The full listing, minus its pictures, should be printed again exactly as it stands.

══ Stored data ══

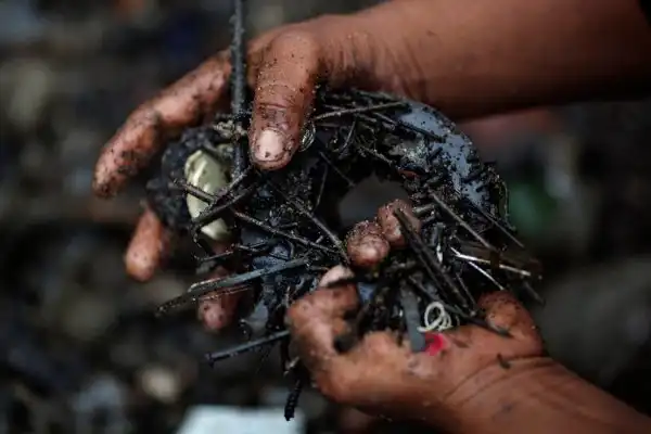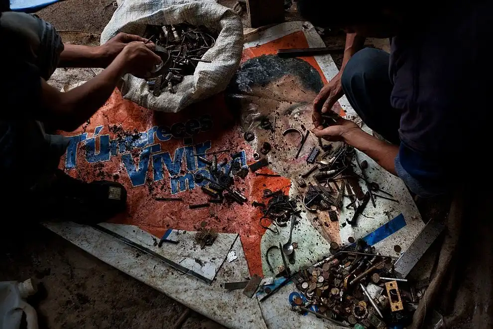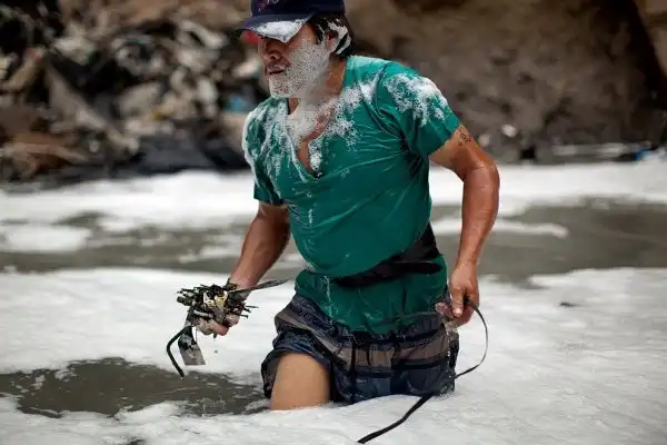 Мальчик по имени Паллета ищет металл в грязных сточных водах.
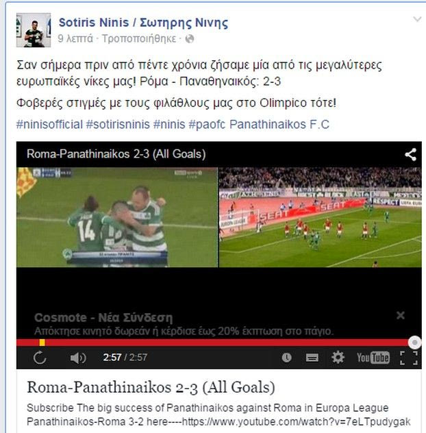 Ο άσος του Παναθηναϊκού έγραψε στο facebook: “Σαν σήμερα πριν από πέντε χρόνια ζήσαμε μία από τις μεγαλύτερες ευρωπαϊκές νίκες μας! Ρόμα – Παναθηναικός: 2-3.
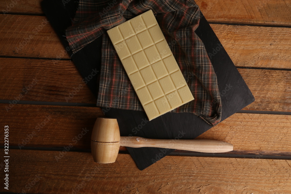 white chocolate tablet in color background
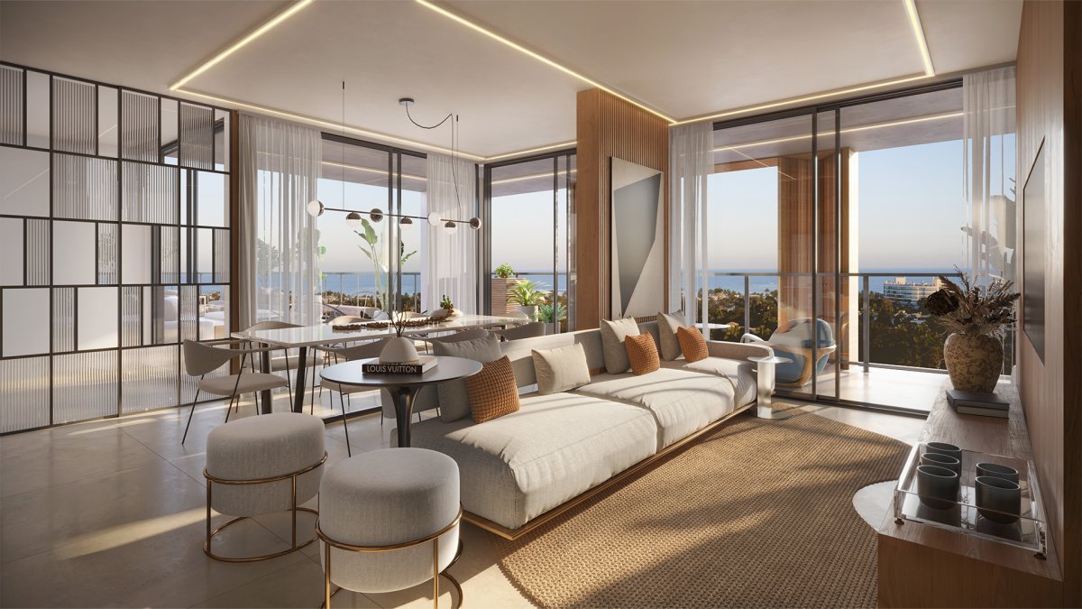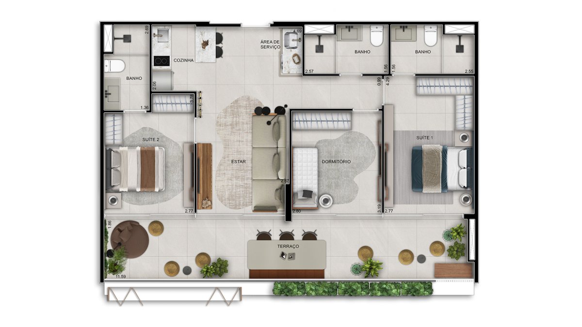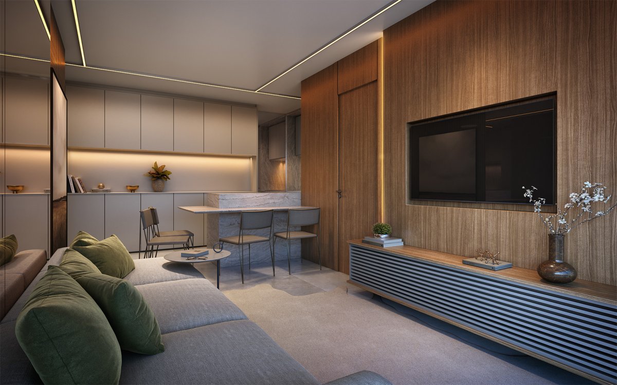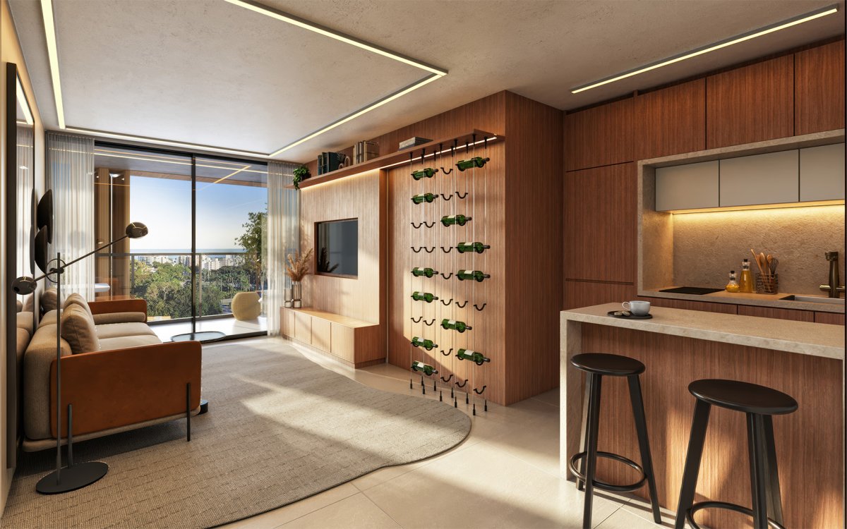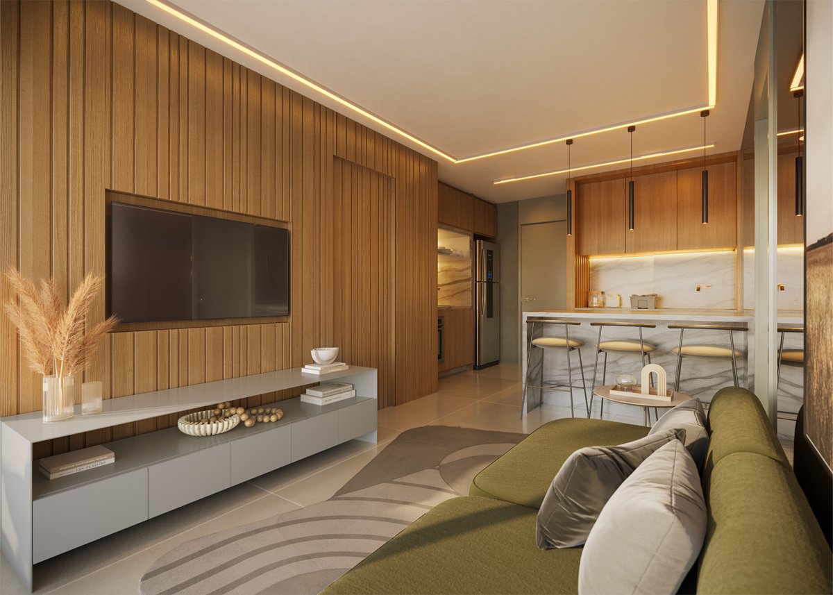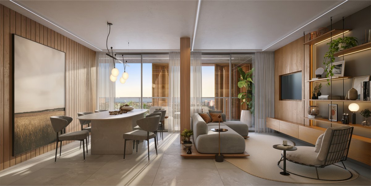 Perspectiva do living do apartamento de 116 m² com 3 dorms. (2 suítes)

═══

* Output below:
 Мальчик по имени Паллета ищет металл в грязных сточных водах.
 Ο άσος του Παναθηναϊκού έγραψε στο facebook: “Σαν σήμερα πριν από πέντε χρόνια ζήσαμε μία από τις μεγαλύτερες ευρωπαϊκές νίκες μας! Ρόμα – Παναθηναικός: 2-3.
 white chocolate tablet in color background
 Perspectiva do living do apartamento de 116 m² com 3 dorms. (2 suítes)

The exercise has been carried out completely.